Available data section start

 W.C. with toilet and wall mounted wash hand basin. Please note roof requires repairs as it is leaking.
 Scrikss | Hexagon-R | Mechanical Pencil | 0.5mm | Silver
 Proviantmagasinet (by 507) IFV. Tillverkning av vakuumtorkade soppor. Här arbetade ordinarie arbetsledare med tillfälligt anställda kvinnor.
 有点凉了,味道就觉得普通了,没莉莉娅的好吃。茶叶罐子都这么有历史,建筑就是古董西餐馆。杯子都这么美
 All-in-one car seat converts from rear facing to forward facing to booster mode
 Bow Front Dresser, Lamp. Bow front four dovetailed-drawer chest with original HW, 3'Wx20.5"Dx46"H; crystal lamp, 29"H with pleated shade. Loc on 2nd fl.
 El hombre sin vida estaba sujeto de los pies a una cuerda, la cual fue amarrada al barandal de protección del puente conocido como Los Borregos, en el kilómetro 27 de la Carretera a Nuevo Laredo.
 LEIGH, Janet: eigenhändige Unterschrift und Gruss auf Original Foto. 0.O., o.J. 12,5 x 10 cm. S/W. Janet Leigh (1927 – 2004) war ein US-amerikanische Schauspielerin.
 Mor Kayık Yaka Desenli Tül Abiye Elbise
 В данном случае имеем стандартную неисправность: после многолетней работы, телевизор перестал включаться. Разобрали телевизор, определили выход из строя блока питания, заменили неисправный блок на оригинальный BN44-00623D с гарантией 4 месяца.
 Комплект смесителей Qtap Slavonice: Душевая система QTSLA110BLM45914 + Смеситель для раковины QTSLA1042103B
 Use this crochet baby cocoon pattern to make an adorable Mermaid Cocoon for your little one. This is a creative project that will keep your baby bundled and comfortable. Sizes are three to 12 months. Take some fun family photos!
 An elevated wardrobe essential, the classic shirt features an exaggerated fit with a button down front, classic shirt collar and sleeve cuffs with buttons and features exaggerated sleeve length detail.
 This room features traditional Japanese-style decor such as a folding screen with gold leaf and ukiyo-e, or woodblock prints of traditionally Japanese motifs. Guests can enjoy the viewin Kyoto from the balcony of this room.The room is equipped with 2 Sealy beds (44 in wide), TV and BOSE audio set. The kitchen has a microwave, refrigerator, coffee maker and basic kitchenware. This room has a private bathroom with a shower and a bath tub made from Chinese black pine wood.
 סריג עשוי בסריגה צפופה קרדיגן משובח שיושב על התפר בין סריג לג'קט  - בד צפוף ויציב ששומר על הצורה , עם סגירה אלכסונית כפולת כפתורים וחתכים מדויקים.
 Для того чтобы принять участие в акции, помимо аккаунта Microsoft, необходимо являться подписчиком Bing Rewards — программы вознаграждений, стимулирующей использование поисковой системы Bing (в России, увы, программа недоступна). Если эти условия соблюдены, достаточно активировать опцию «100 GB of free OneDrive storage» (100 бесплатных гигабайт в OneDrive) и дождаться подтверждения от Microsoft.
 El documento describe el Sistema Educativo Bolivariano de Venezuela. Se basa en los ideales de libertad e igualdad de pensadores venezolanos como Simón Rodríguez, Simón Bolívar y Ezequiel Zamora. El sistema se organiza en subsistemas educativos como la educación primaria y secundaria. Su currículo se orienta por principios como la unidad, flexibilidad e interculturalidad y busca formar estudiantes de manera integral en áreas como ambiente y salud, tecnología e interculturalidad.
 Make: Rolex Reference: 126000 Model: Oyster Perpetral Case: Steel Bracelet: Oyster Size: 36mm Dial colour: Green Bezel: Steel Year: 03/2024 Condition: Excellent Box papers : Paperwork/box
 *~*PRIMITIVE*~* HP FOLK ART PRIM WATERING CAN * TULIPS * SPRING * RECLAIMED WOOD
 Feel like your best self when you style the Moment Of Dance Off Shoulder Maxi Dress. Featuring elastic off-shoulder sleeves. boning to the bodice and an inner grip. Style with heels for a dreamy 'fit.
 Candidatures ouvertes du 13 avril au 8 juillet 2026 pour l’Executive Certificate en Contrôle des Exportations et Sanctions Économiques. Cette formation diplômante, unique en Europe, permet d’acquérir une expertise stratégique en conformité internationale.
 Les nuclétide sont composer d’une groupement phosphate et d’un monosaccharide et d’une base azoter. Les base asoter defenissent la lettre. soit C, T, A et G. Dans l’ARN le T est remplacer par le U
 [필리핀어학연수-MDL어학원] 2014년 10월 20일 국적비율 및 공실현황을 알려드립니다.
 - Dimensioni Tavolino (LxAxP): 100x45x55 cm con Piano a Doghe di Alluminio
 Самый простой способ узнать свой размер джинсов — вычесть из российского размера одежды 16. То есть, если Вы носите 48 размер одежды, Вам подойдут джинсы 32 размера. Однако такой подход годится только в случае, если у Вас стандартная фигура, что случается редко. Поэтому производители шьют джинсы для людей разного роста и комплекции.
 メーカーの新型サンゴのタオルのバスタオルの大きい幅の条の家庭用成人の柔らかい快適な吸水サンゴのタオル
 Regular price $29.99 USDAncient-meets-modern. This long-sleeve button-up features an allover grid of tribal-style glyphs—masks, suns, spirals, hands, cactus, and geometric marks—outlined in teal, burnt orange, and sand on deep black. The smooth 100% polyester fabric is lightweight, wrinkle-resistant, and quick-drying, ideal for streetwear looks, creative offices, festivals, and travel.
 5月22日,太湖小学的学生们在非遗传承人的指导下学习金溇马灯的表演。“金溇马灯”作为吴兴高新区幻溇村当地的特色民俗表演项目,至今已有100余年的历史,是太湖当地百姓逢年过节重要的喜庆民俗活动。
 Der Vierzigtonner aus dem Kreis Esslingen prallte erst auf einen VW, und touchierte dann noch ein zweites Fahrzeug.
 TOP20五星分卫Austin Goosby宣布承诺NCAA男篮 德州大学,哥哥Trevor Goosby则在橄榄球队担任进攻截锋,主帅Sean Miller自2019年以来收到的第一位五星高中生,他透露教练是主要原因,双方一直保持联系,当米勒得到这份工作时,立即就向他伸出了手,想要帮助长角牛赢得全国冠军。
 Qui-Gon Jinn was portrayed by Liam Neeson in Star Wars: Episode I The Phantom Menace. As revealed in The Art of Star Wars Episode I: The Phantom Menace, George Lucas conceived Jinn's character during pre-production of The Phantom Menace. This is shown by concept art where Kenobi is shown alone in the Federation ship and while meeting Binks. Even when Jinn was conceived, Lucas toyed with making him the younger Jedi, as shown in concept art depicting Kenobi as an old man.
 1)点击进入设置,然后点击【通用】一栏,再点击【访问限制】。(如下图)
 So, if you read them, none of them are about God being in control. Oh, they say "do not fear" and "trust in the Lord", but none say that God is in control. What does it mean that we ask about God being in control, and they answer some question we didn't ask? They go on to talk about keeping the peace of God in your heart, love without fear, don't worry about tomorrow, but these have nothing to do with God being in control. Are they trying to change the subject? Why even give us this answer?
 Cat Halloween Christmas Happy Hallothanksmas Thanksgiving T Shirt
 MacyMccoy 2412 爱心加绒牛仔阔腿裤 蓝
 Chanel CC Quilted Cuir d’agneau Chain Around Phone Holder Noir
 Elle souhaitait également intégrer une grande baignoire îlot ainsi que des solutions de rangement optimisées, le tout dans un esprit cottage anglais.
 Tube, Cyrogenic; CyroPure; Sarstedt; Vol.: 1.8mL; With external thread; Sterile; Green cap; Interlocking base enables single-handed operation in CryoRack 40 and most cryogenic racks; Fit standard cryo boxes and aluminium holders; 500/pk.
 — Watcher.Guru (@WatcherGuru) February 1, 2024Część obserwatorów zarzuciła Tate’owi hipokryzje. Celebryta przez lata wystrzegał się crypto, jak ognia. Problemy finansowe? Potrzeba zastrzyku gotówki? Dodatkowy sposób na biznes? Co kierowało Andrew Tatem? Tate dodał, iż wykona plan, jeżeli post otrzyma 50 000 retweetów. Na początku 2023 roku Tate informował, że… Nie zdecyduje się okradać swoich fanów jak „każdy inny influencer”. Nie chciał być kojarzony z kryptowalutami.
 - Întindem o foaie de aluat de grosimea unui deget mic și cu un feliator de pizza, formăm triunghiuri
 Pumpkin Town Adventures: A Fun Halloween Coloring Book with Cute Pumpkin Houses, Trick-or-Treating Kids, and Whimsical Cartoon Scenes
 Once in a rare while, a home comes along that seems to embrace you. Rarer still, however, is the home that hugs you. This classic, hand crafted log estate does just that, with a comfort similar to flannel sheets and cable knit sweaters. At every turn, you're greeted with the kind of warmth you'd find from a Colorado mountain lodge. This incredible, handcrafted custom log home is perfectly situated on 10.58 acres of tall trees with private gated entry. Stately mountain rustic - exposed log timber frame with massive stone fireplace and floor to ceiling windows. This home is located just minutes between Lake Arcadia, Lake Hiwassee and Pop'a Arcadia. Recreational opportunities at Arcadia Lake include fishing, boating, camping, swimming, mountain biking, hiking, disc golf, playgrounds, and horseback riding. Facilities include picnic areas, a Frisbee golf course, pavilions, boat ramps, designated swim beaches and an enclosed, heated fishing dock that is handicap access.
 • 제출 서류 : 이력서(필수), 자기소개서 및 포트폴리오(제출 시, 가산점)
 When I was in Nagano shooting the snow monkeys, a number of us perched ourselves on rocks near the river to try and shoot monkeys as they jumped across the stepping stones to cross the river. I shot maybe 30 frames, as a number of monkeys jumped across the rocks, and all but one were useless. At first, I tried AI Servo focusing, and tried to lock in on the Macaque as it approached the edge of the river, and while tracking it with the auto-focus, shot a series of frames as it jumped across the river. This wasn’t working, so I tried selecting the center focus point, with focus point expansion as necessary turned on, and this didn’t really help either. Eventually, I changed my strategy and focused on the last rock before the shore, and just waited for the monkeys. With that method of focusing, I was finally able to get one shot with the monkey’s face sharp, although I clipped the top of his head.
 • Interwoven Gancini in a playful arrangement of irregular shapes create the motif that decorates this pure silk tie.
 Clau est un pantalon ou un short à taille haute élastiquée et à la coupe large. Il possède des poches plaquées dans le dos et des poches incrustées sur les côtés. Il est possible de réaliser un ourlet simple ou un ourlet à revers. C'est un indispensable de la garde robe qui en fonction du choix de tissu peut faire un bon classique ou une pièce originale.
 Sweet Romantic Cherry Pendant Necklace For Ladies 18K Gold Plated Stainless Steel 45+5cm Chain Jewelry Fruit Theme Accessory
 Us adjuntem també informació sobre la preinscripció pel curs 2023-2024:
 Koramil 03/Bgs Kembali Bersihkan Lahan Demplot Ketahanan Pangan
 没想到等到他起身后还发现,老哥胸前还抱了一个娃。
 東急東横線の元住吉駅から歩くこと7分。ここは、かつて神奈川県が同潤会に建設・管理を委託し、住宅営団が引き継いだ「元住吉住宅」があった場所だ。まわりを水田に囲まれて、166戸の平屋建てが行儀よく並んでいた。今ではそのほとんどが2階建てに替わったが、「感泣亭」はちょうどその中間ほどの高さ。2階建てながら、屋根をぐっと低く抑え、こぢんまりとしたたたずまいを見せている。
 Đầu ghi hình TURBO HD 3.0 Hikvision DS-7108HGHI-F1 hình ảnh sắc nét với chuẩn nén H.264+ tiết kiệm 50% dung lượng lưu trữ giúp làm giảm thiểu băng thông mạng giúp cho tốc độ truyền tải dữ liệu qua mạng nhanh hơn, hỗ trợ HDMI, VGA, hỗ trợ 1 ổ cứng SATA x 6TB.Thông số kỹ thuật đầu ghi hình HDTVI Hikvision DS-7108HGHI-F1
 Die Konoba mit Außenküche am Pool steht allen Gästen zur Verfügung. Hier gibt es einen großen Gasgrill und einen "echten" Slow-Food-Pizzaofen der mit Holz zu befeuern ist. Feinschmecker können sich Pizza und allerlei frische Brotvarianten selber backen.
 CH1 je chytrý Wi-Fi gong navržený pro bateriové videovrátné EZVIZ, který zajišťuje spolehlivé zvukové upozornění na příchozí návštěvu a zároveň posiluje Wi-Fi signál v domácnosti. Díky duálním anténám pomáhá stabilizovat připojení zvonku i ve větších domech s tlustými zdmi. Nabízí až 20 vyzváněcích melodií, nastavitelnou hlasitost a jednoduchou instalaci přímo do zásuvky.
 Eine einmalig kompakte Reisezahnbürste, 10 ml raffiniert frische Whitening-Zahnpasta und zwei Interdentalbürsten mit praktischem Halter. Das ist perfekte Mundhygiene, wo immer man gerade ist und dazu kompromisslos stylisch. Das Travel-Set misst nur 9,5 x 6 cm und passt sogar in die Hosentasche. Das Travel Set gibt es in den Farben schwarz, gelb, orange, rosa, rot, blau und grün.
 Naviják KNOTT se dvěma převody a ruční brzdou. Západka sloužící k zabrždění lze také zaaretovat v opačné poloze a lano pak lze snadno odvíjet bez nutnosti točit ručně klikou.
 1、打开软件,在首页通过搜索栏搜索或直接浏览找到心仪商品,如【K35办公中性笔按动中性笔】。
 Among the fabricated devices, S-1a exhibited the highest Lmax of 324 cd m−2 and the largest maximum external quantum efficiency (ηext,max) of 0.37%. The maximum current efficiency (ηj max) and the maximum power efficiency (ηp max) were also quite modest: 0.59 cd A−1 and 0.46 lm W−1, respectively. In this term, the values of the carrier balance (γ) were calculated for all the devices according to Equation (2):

Available data section end

Up to and including the line with "All-in-one car seat", please return the records exactly, beginning from their first line.

 W.C. with toilet and wall mounted wash hand basin. Please note roof requires repairs as it is leaking.
 Scrikss | Hexagon-R | Mechanical Pencil | 0.5mm | Silver
 Proviantmagasinet (by 507) IFV. Tillverkning av vakuumtorkade soppor. Här arbetade ordinarie arbetsledare med tillfälligt anställda kvinnor.
 有点凉了,味道就觉得普通了,没莉莉娅的好吃。茶叶罐子都这么有历史,建筑就是古董西餐馆。杯子都这么美
 All-in-one car seat converts from rear facing to forward facing to booster mode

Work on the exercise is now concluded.